INFORMATION SUPPLIED —
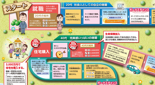 だからと言って、ライフプランセミナーで「まず、みんなで人生ゲームをやりましょう!」という訳にはいかないので、色々と探してみたところ、とても良い教材を見つけました。第一生命が開発した『ライフサイクルゲームⅡ~生涯設計のススメ~』というスゴロク形式の消費者教育教材※1です。
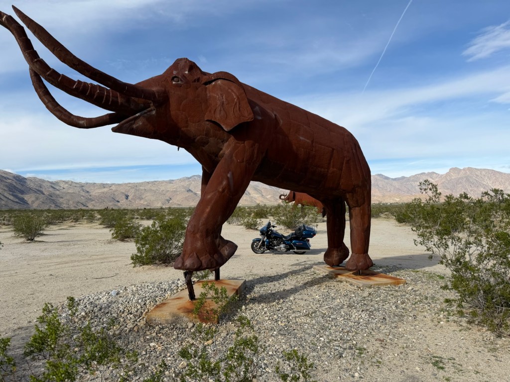El desierto de Borrego Springs se encuentra en el Parque Estatal del desierto de Anza-Borrego, una vasta superficie de típico desierto californiano, no de dunas de arena, en las que abundan las pistas de arena y grava que harían las delicias de mi KTM.
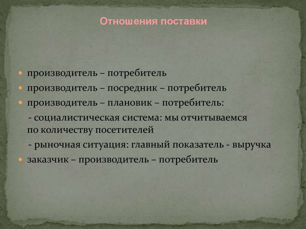 Отношения поставкипроизводитель – потребитель
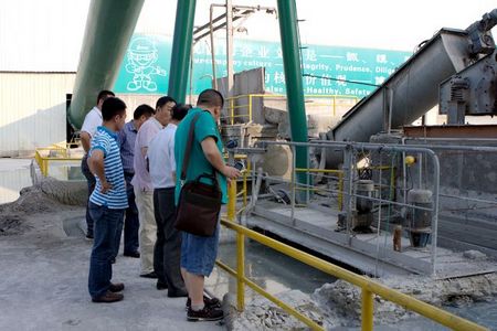 會后,全體參會人員一同參觀了位于江北區港城工業園區的重慶永固新型建材有限公司。就簡國釧總經理在會上介紹的企業安全管理,廢水回收、揚塵控制、噪音控制等等情況進行了實地考察。
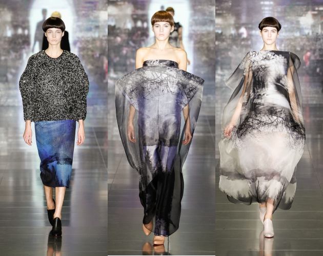 Τα χρώματα σκούρα, μουντά κι όπως η ίδια δήλωσε αυτός ήταν και ο σκοπός της, να εξελίξει τα σχέδια και να παγώσει για λίγο τα έντονα χρώματα στα ρούχα. Τα prints αυτή τη φορά είναι πιο σκοτεινά, παραπέμπουν σε σκηνικό από θρίλερ με το φως το φεγγαριού να φωτίζει ελάχιστα το μαύρο και γκρι χρώμα.

EXERCISE GOAL — Output exactly the lines above, beginning at the one with "El desierto de Borrego" and stopping after the one with "Отношения поставкипроизводитель –". Pictures are to be omitted.

SOLUTION TO THE EXERCISE —
El desierto de Borrego Springs se encuentra en el Parque Estatal del desierto de Anza-Borrego, una vasta superficie de típico desierto californiano, no de dunas de arena, en las que abundan las pistas de arena y grava que harían las delicias de mi KTM.
 Отношения поставкипроизводитель – потребитель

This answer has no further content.